In parallel with the Etude 1 development, further experiments were conducted with the objective of extending the frequency range beyond 20 kHz, increasing bass output / extension and maximum output level. The second Curvi prototype cabinet was used as a test bed and was fitted with two 85 mm BMR drive units; one firing forward, the other firing upward. These units were loaded by the 2.4 m transmission line and directly driven, though the upper unit was later fitted with a shunt capacitor to limit high frequency output. The bass was augmented using two Jordan JX92S mounted on the rear of the cabinet such that the line was driven about 1/3 along its length. The bass units contribute to output below 100 Hz. The high frequency extension was bolstered above 5 kHz by a ring radiator tweeter. This “Etude X” prototype sounded effortlessly powerful, very smooth and coherent. At low frequencies, the two Jordan bass units were well damped and did not modulate the motion of the two BMR units. Simulations confirmed the latter effect and validated the line sharing – “common time base” concept.
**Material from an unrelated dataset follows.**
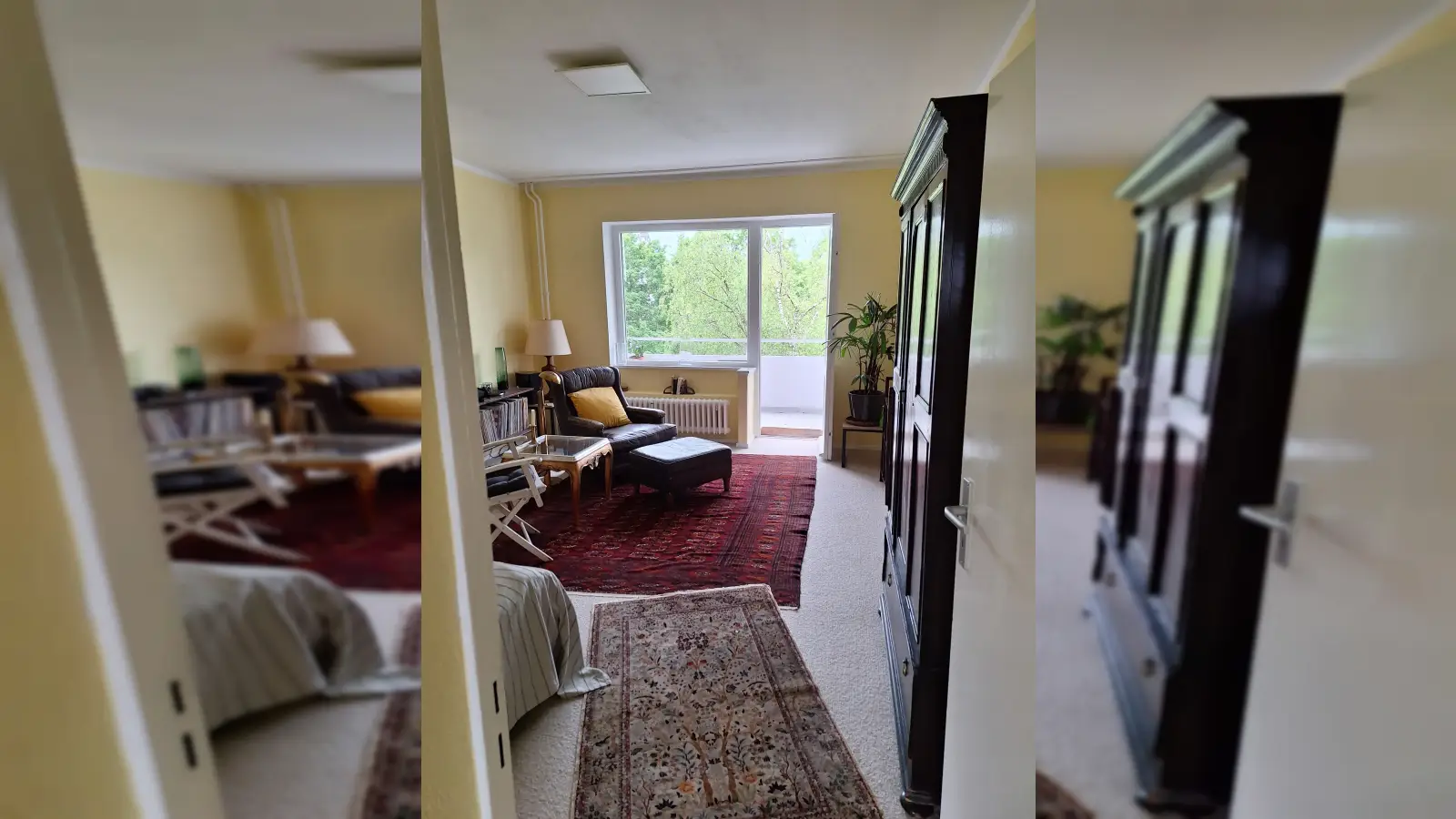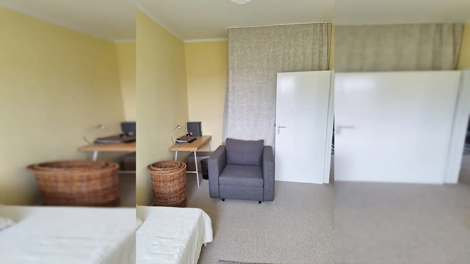 Kleines Zimmer/Schlafzimmer: Schlafsofa, Nachttisch, Sessel, Schreibtisch mit Stuhl, Vase, TV-Ständer, begehbarer Kleiderschrank mit Raumteiler und Kleiderstangen, Wäscheschrank

The only problem with the prototype was high frequency output from the upper BMR unit blurring of stereo images, this was cured using the shunt capacitor.

These observations led to the design of the Etude 5 prototype back in 2012-13. There have been several key iterations of the design including changing the positions of the bass units and tweeter, rigid circumferential mounting of the BMR array and trial and implementation of high quality passive components in the filters.

The most recent design is the Etude High Sensitivity Bipole (EHSB), developed in collaboration with Danny Baty of Super Natural Audio.  I have been working with Danny, the designer and manufacturer of a 2.3 W single ended triode amplifier, amongst other superb valve audio electronics, for some years now.  He needed a loudspeaker sensitive enough to use with his amplifier.  The EHSB is the result – for the first time, horn-like sensitivity (slightly more than 100 dB/W total output) is combined with the speed and coherence of BMR drive units and truly extended bass (to below 25 Hz), thanks to inverse tapered transmission line loading.